— Оля! — позвал он.
Масуров услышал ее мелкие шаги. «Идет». Он двигался, пошатываясь. Впервые за двое суток его охватило необоримое желание спать. Он не чувствовал своего тела, оно как бы умерло. Земля притягивала к себе, и он дивился, откуда бралась у него сила, чтоб так долго противиться этому. Человек всегда думает, что он крепче, чем на самом деле, и это придает ему уверенности.
Но больше он уже не мог. Изнеможенно опустился на вязкую стылую землю, пробормотал что-то, чего Оля не поняла, будто ушел куда-то и сказал это издалека, и тут же услышала она хриплое тяжелое сопение.
Сон вытеснил холод, жажду, Сашу-Берку, Витьку, ракеты, пулемет, состав на одиннадцатом километре… И Масуров стал счастливо пустым, свободным от всего.
Ни страха, ни опасности, — ничего, ничего…
А Оля, тоже обессиленная, растерянно стояла перед ним, не зная, что делать. И вдруг показалось ей, что Масуров перестал сопеть, она испугалась: может быть, пуля? Даже почувствовала, что теряет сознание. Может быть, пуля повалила его? Рывком, с бьющимся сердцем припала к нему: он дышал, он слышно дышал… И успокоилась, и села рядом, осторожно положила его голову себе на колени. Он даже и не шевельнулся.
И ей захотелось, чтоб это был Володя, и он стал Володей, ее желание, сильное и вечное, привело его сюда к ночным болотным кустам, на холодную землю, и руки ее касались его щек, головы… В этой темноте только она могла видеть его лицо, его глаза, его застенчивую улыбку. Он вошел в нее, чтоб причинить сердцу боль, и ей доставляла радость эта боль в сердце.
Все-таки холодно сидеть вот так на болотной земле. Конечно, если поворачиваться с боку на бок, двигать плечами, руками, ногами, можно немного согреться. Но она сидела неподвижно, чтоб не разбудить Володю… Она старалась надышать тепло в поднятый воротник.
На черном небе мигали большие звезды, зеленоватые, как свирепые кошачьи глаза, и совсем маленькие, казавшиеся рассыпанными просяными зернышками.

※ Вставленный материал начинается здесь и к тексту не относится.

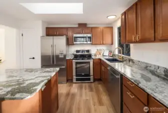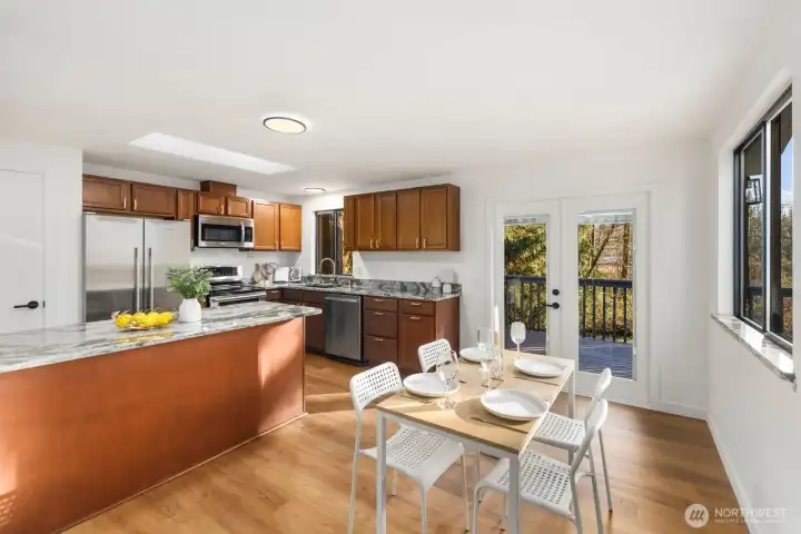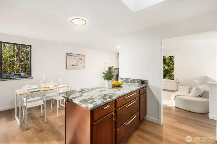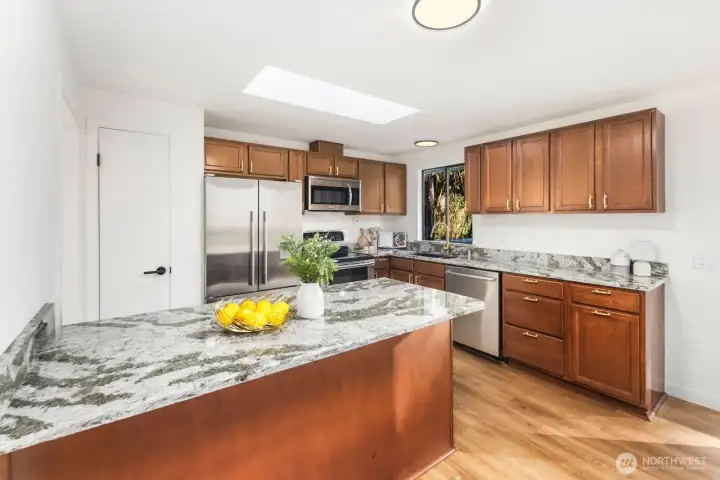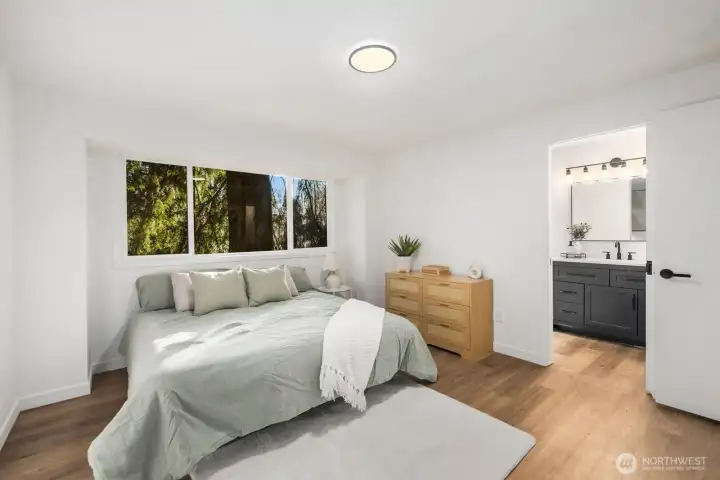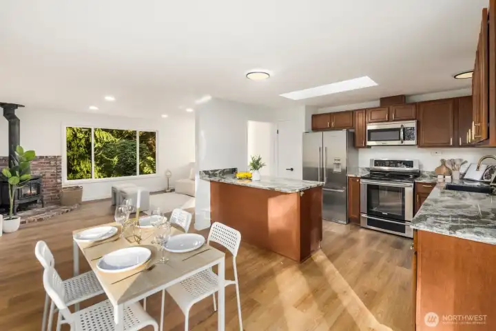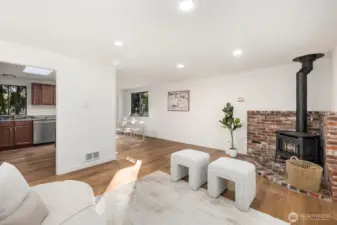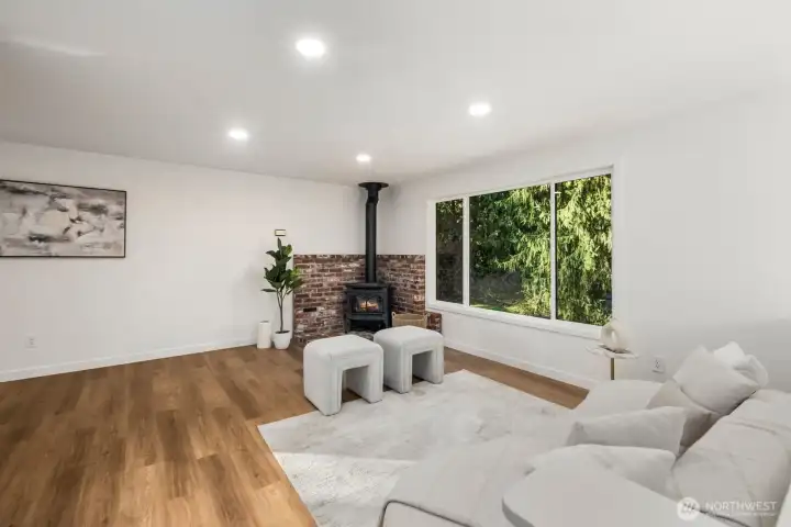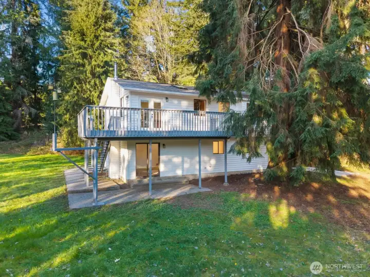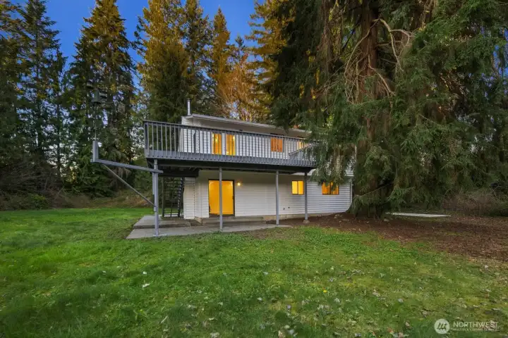 Privately set on 5.14 acres in Lake Stevens, this thoughtfully updated 3-bedroom, 2-bathroom home delivers refined interior living and expansive, secluded grounds. Towering evergreens and mature tree coverage create a natural canopy of privacy, the kind of setting increasingly hard to find in Snohomish County. Inside, targeted updates elevate the key spaces. A well-appointed kitchen features a statement island, granite countertops, stainless appliances, and a skylight that floods the space with natural light. A wood-burning stove adds warmth and character throughout. Step outside from the kitchen onto the private deck, a seamless extension of the living space for entertaining or taking in the forested backdrop. The primary suite serves as a true retreat, complemented by a spa-inspired bath featuring floor-to-ceiling stone tile, matte black fixtures, and a quartz vanity. Two additional bedrooms and a second updated bath complete the accommodations. An attached two-car garage, 5+ acre lot, and a setting defined by stillness and seclusion make this a move-in ready offering where privacy, acreage, and the Pacific Northwest converge.

Оля увидела, начало светать.
Мутный свет, еще не отделившийся от ночи, проступил на восточной стороне, и еще нельзя было понять, каким будет этот занимавшийся день, уже имевший имя, число и свое место в длинном ряду сумеречных, и солнечных, и тревожных, и радостных трехсот шестидесяти пяти дней года. Потом в еще темном воздухе, как парашюты, застрявшие между небом и землей, тускло обозначились верхушки сосен. Потом свет, тихий и слабый, пролился на землю. Постепенно предметы приближались и приближались и обретали четкие очертания. Стволы деревьев бросали перед собой длинные, едва различимые полосы на высохшую траву; пониже кустов расстилалось затянутое сизым мхом болото.
Ночь миновала.
Оля вытерла рукавом слезившиеся веки и посмотрела на Масурова. Его лицо, покрытое цветом усталости, было серым. Щеки в жесткой щетине запали, губы сухие, с лиловатым оттенком. Волосы под пилоткой сбились набок и тоже казались серыми, как земля, на которой он лежал.
Масуров раскрыл глаза, сразу, широко, будто и не смыкал их вовсе, приподнялся на локте. Все тяжело вернулось, беспощадно ясно, словно освещенное сильным и ровным пламенем солнца, и Витька с Сашей-Беркой, и лошади, и железнодорожная насыпь, и пулемет, отчаянно бивший в бор, и бор под гнетущим светом ракеты, и Оля… Вот сидит она, Оля, сосредоточенная, собранная, с напряженными морщинками на лбу, и с нее начиналось все это. «Насколько сон лучше пробуждения», — вздохнул Масуров. Все возвращало его в минувшую ночь.
Быстро, чтоб совсем избавиться от сна, вскочил, осмотрелся и, как бы продолжая незаконченный разговор, сказал:
— Так и есть, Заболотье.
Утро пробивалось сквозь густые, почти непроходимые тучи, и потому запаздывало.
Масуров взглянул на Олю: бледная, измученная, сухие сонные глаза. Он опустил голову. И Оля догадалась почему.
— Пойдем, — сказал он. — Поищем брод.